By 2013, he had admitted to a theft charge, and told how he once shoplifted because it was "his mother's birthday" and he "wanted it to be special".
His death came at a time when he was "doing really well", his girlfriend of four years recalled.
Kate Bonner said they had met earlier on the evening Daniel died and had had a long talk.
"He was in good form. We just chatted for a while and he went off. He said he was going to Donnybrook," she said.
Asked if she had any concerns for him, she replied: "Not really. We'd had a long talk and arranged to meet the next day. I was aware of his addiction but he'd been doing really well.
"That's what makes this the more tragic. It was the best I'd seen him do, so it was a shock."
Daniel's family always tried to do their best by Daniel and went through rehab a number of times with him.
His uncle, Ed Martin, who married Ms Rafter's twin sister, became emotional as he addressed the inquest from the public gallery.
"I couldn't leave without saying Dan was a great young fellow, he just fell at the last ditch," he said.
He added that his nephew had enjoyed great family support.
Speaking about Daniel's mother, Mr Martin told the inquest: "A better mother you could not find. She tried everything for Daniel. Despite many ups and more downs, she kept on trying, both public and private.
"I've known. I've been married to her sister for 30 years. I saw the whole thing un- folding."
In unexpected scenes at the inquest, Mr Marshall stood up to address coroner Dr Brian Farrell from the public gallery but was asked by a friend to stay calm.
He referenced how his son got involved with drugs.
"He said it all started when he was a teenager," he said. At this stage, gardai moved to escort Mr Marshall from the court.
The coroner said there were no suspicious circumstances surrounding his death, and the cause of death was mixed drug toxicity involving heroin and prescribed drugs.
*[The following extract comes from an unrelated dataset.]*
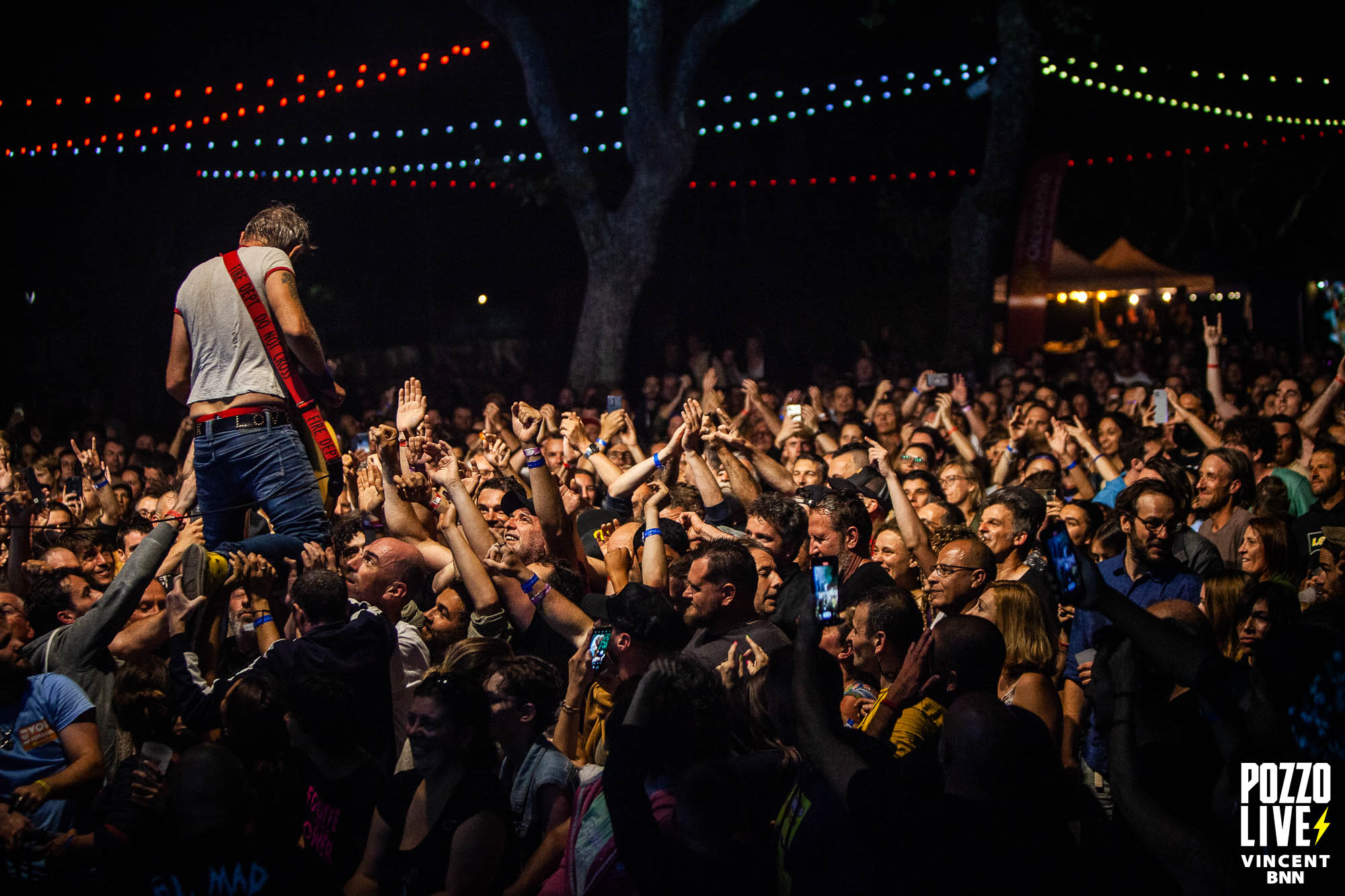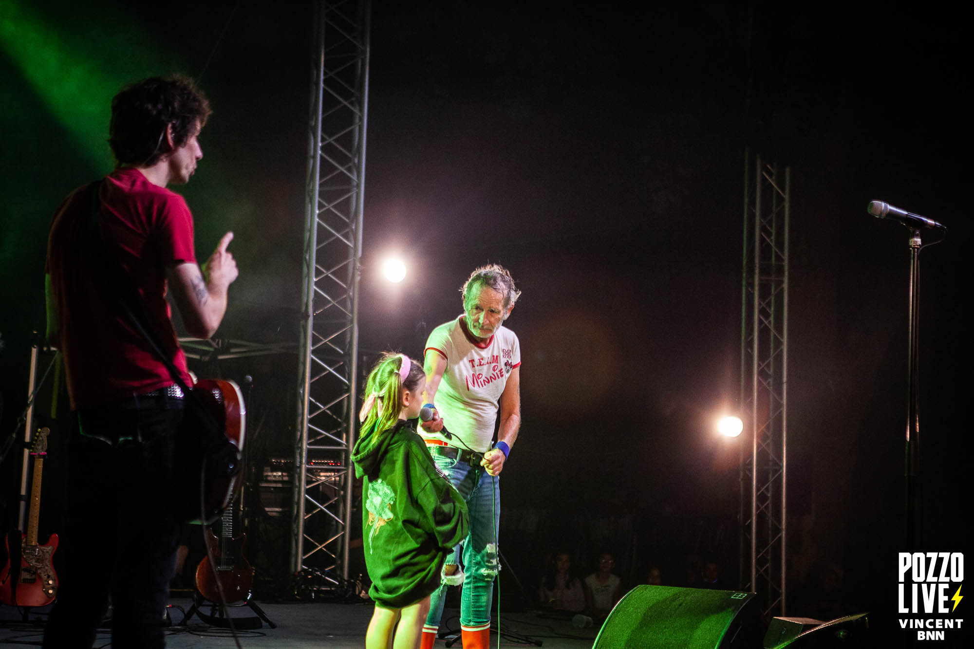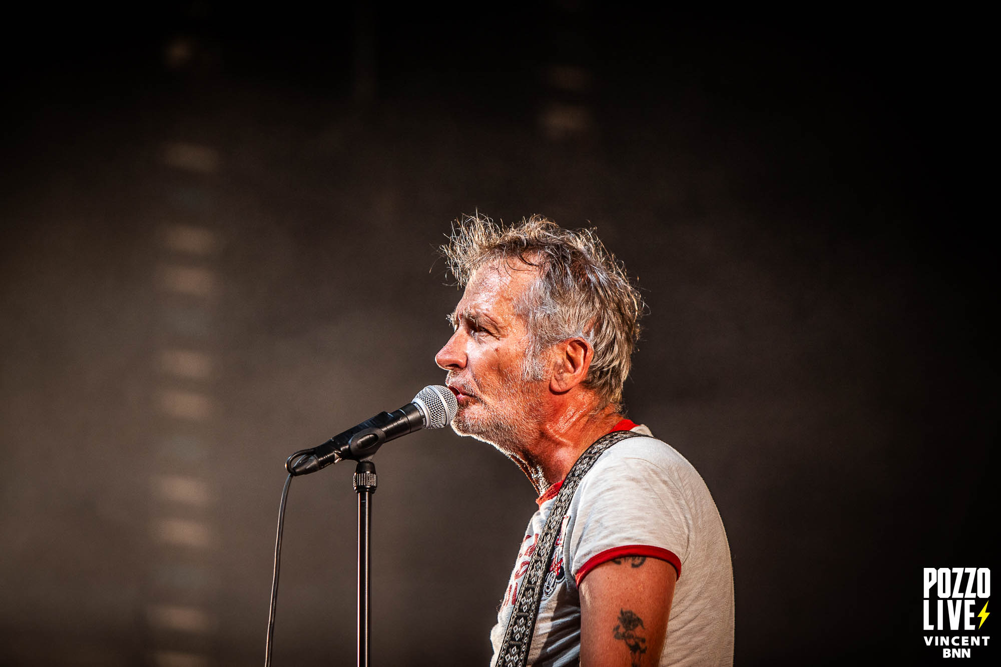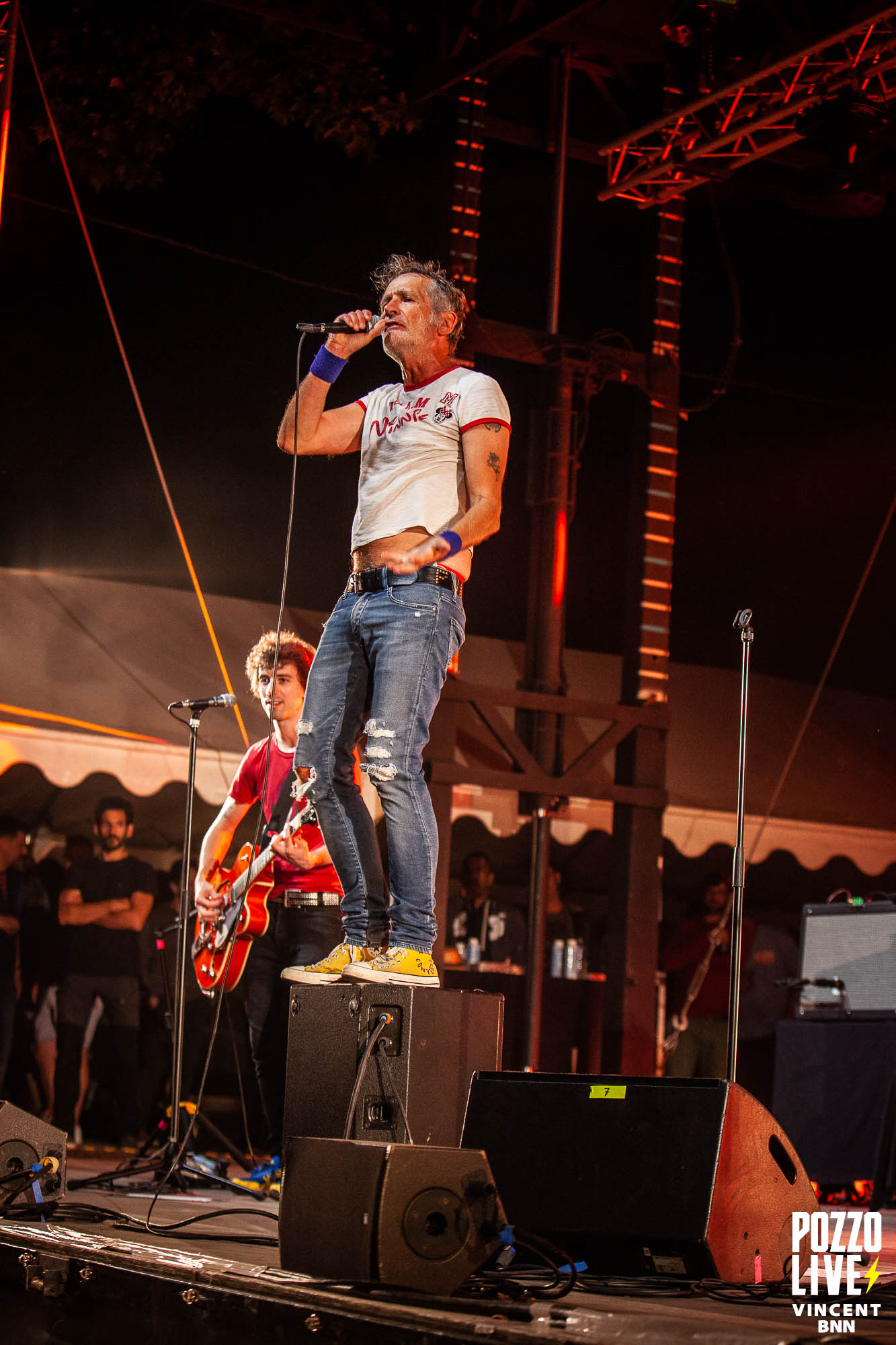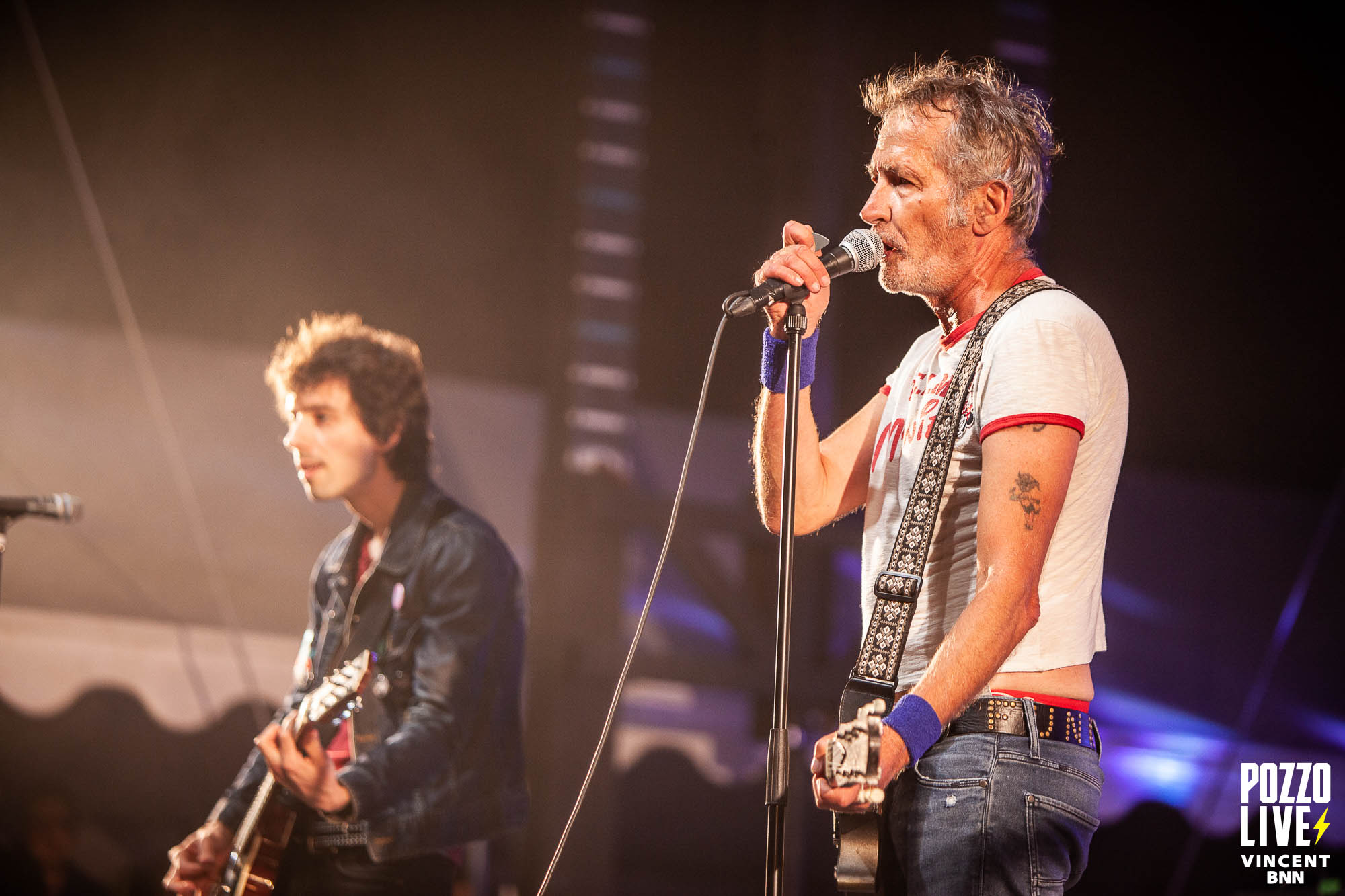 À son retour sur scène, il récupère des bottes rouges envoyées un spectateur (en référence à la chanson « Les Bottes Rouges », ndr) et continuera son concert divinement chaussé… Même si le poids des années (et des excès) se fait parfois sentir dans le chant du frontman (« Frontignan Blues », par exemple), l’homme a pris le parti de se donner corps et âme dans tous les morceaux, n’hésitant pas à escalader les amplis (« Punk Ouvrier ») ou à inviter le public (et même la section PMR) à faire un wall of death en prenant une grosse voix de meeetaaaôôÔÔL. Autant dire que les festivaliers s’en donnent à cœur-joie devant ce joyeux bordel, si bien que les fans et les familles qui découvrent ce soir Les Wampas, se retrouvent sur la même longueur d’onde. Qui plus est, dès les premiers accords de la chanson désormais classique « Manu Chao », la foule saute comme un seul homme et reprend à gorge déployée le refrain. C’est d’ailleurs à ce moment-là que sera tiré un feu d’artifice au-dessus de la scène des Voix Sonneuses. Cela ne pouvait pas mieux tomber. À partir de là, Didier sera intenable et fera des allers-retours entre le public et les planches sans aucun temps mort.

Daniel had amassed 40 convictions, mostly for minor theft and public order offences, but also for assault and criminal damage.
The convictions highlight what a person - a good, decent, kind person - is capable of when under the influence of heroin.
In May 2013, Dun Laoghaire District Court heard how Daniel punched and headbutted a teenager while on the Luas, leaving the 18-year-old with blood running down the side of his face.
When sentencing him in July 2013 on a theft matter, Judge Anthony Halpin warned him: "Unless you get your act together, you are not going to see 50 years of age."
The judge's words were too prove prophetic.